Английский генерал, худощавый мужчина с загорелым лицом и седыми усами, взял громкоговоритель, поднялся по ступенькам Кенотафа, лавируя среди венков, и призвал всех к порядку.

– Их поймали? – спросила Сара у Дэвида. – Я не вижу.

– Да. Похоже, это всего несколько человек.

– Проклятая измена! – проворчал Стив. – Надеюсь, мерзавцев вздернут!

Церемония продолжилась: возложили остальные венки, архиепископ Хедлем провел короткую службу. Он читал молитву, голос его из-за микрофона отдавался странным, слабым эхом:

– О Господь, призри нас, пока мы вспоминаем храбрецов, погибших в сражениях за Британию. Мы помним легионы тех, кто пал с тысяча девятьсот четырнадцатого по тысяча девятьсот восемнадцатый год, в той великой и трагической схватке, что оставила отметину на нас всех, здесь и в Европе. Боже, вспомни о боли тех собравшихся, кто потерял дорогих им людей. Даруй им утешение, даруй им утешение.

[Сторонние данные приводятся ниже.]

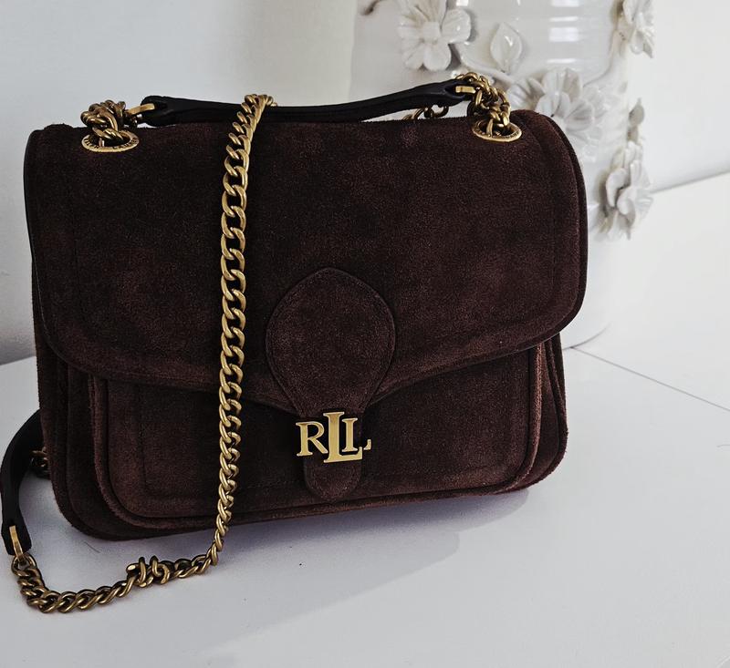 Crafted with velvety soft suede, the small Bradley bag from Lauren Ralph Lauren is designed with a convertible chain strap, allowing you to wear this style as a shoulder bag or crossbody.
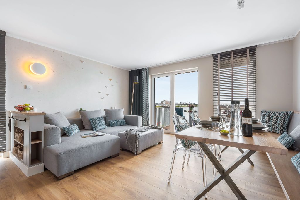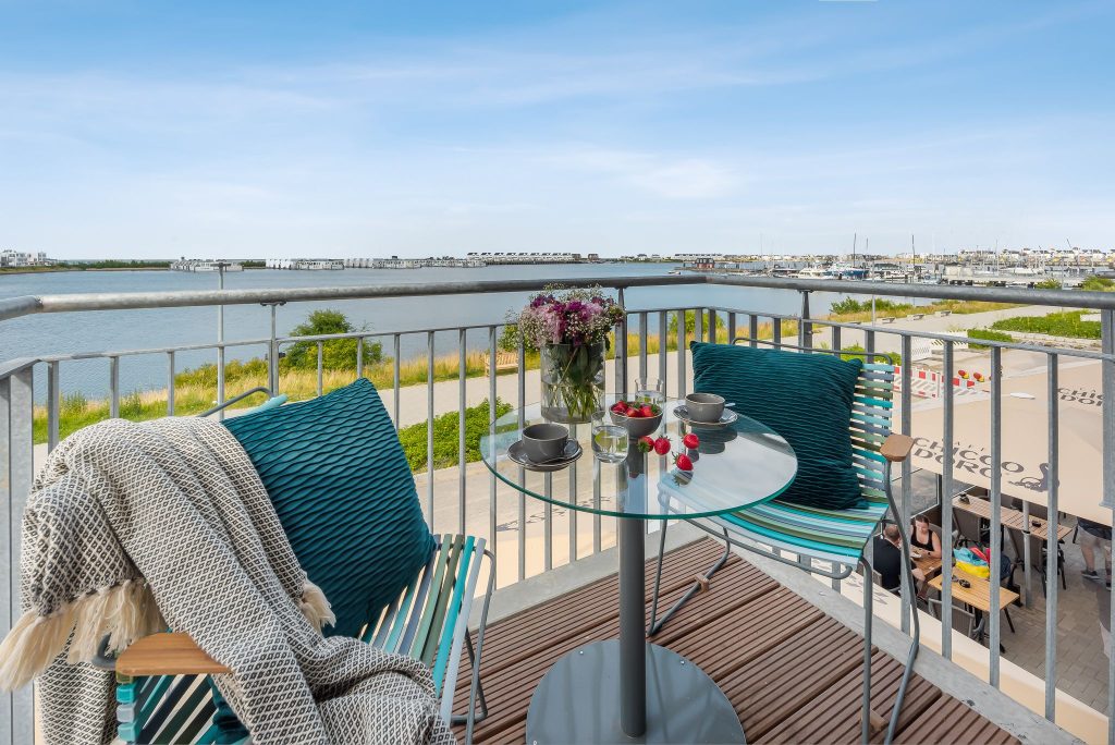 Der Blick fällt durch bodentiefe Fenster und vom Balkon aus auf die Marina und die schwimmenden Häuser. Segelboote, Möwen und wunderschöne Sonnenuntergänge garantieren Dir wahres Urlaubsfeeling.

Затем начался марш. Тысячи солдат – многие были уже стариками – гордо шагали, шеренга за шеренгой, а оркестр исполнял популярные в годы Великой войны мелодии; каждая колонна возлагала венок. Как всегда, Дэвид и его семья высматривали отца Сары, но так и не увидели его. На ступенях Кенотафа остались красные пятна, свастика Роммеля бросалась в глаза среди венков. Дэвид размышлял о том, что это были за демонстранты. Скорее всего, из какой-то независимой группы пацифистов – члены Сопротивления стреляли бы в Роммеля; они перестреляли бы всех нацистов в Британии, если бы не боялись репрессий. В любом случае стоило пожалеть бедолаг, которым предстояло избиение в допросном центре особой службы, а то и в подвале Сенат-хауса, здании, где помещалось германское посольство. Поскольку объектом нападения был Роммель, английская полиция могла передать виновников немцам. Дэвид испытывал чувство бессилия. Он даже не перечил Стиву. Следует оставаться под прикрытием, никогда не выступать из ряда, стараться играть роль образцового гражданского служащего. Особенно с учетом прошлого семьи Сары. Дэвид ощутил приступ беспричинного раздражения против жены.

Его взгляд вернулся к ветеранам. Пожилой мужчина лет шестидесяти, со строгим и вызывающим видом, проходил мимо, гордо выпятив грудь. На одном борту пиджака был ряд медалей, зато на другой красовалась желтая звезда Давида, крупная и блестящая. Евреи предпочитали не выходить на передний план, не привлекать внимания, но этот старик бросил вызов здравому смыслу, выйдя на марш с приметной звездой, хотя мог обойтись маленькой звездочкой в петлице, как и все евреи в то время, – очень скромно и по-английски.

– Жид! – крикнул кто-то.

Ветеран даже ухом не повел, в отличие от Дэвида, которого захлестнула волна гнева. Он отдавал себе отчет, что по закону тоже обязан носить желтую звезду и не может работать в правительственном учреждении, – евреям запрещалось занимать подобные должности. Но из всех людей только отец, находившийся в двенадцати тысячах миль от этого места, знал, что мать Дэвида – птица редчайшей породы: ирландская еврейка. Теперь в Британии наполовину евреи причислялись к евреям, а за сокрытие своей национальности полагалось бессрочное задержание. Во время переписи 1941 года, когда от людей впервые потребовали указать религиозную принадлежность, он назвался католиком. Так же он поступал всякий раз, когда обновлял удостоверение личности, и во время переписи 1951 года, в которую включили вопрос о том, не был ли евреем кто-нибудь из родителей в первом или втором поколении. И хотя Дэвид старался загонять эти мысли вглубь, иногда он просыпался в страхе посреди ночи.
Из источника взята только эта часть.